The Metropolitan Chamber of Commerce and Industry yesterday hailed the central bank for aiming to keep inflation in check and move to a higher growth path amid the prevailing political unrest.
The rate of inflation, according to the new Monetary Policy Statement of Bangladesh Bank, will be brought down to 6.5 percent by June 2015. At the same time, the economy is expected to grow at 6.5-6.8 percent this fiscal year.
To prop up investment, the MPS has kept the private sector credit growth target at 15.5 percent at the end of fiscal 2014-15, which is substantially higher than 12.7 percent in November 2014, the MCCI said in a statement.
“Political unrest, structural deficiencies and a cautious approach on the part of banks have, in fact, slowed down private sector credit growth,” it said. The MCCI urged the central bank to take immediate steps to bring down the lending rates to boost private investment.
“The existing average lending rate of 12-13 percent is bound to dampen investment,” it said, adding that the central bank should encourage the commercial banks to devise ways to reduce their lending rates, which did not come down commensurately with the decline in inflation in the past three years.
The lending rates should be kept just above the inflation rate in order to keep the real interest rate (lending rate minus inflation) positive.
In early 2012, the average lending rate in Bangladesh was 13 percent and the inflation rate was 10 percent, making the real interest rate 3 percent. Now, in 2015, the inflation rate is below 7 percent. Hence the lending rate should be no more than 10 percent, it said.
The nation’s oldest trade body also reiterates its earlier proposition that the central bank and the government should immediately set up a functional secondary money market as an alternate source for borrowing money.
“If this is done, banks and the government will be able to reduce their dependency on the banking system, and on the national savings schemes as a source of borrowing,” it said.
The MCCI appreciates that the central bank has revised the lending rate ceiling for agriculture downward from 13 percent to 11 percent but much more needs to be done, particularly at this time when the farmers cannot sell their produce due to the ongoing blockade.
The benchmark repo and reverse repo rates, which have remained unchanged for 18 months, should be slashed. The MCCI suggested that the deposit interest rates may be kept just above the inflation rate so that depositors do not end up with a negative rate of return.
Such continued reforms will help shore up investor confidence, particularly during this time of general investor pessimism in the capital market.

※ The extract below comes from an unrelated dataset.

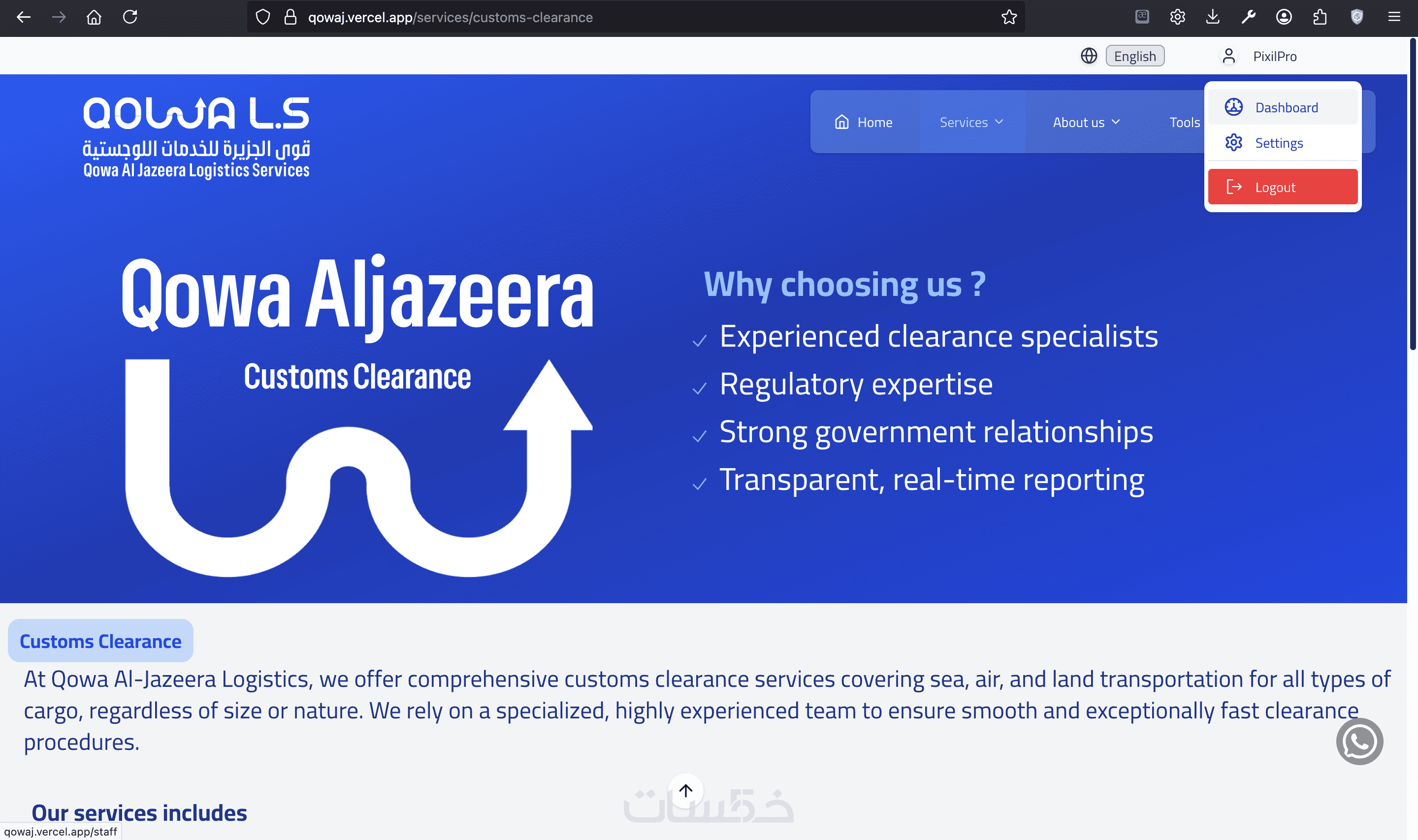 نستخدم في عمل المواقع بشكل عام لغة Javascript باستخدام اطار عمل Nextjs ونتأكد دائما بأستخدام آخر تحديثات الاطار للحصول على كل المزايا الجديدة والمتطورة

“It is good to see that BB has pledged to shore up banking governance to clamp down on loan delinquencies and financial fraudulence,” according to the statement.
The MCCI also appreciates that the central bank is keen on further consolidating the country’s external sector liquidity, and to continue maintaining a comfortable amount of foreign currency reserves to cover up to 5 to 10 months’ imports.
There are also encouraging projections in the MPS, that overall export growth in fiscal 2014-15 will be 8 percent, import growth 15 percent and remittance growth 12 percent, to yield a reasonable balance of payments surplus of $642 million, the MCCI said.
The leading chamber also stressed an optimal level of foreign exchange reserve to protect the external value of the taka and to ensure a healthy growth of imports.
At the same time, the central bank must help ensure that Bangladesh does not lose its competitiveness in exports due to its exchange rate, the chamber said.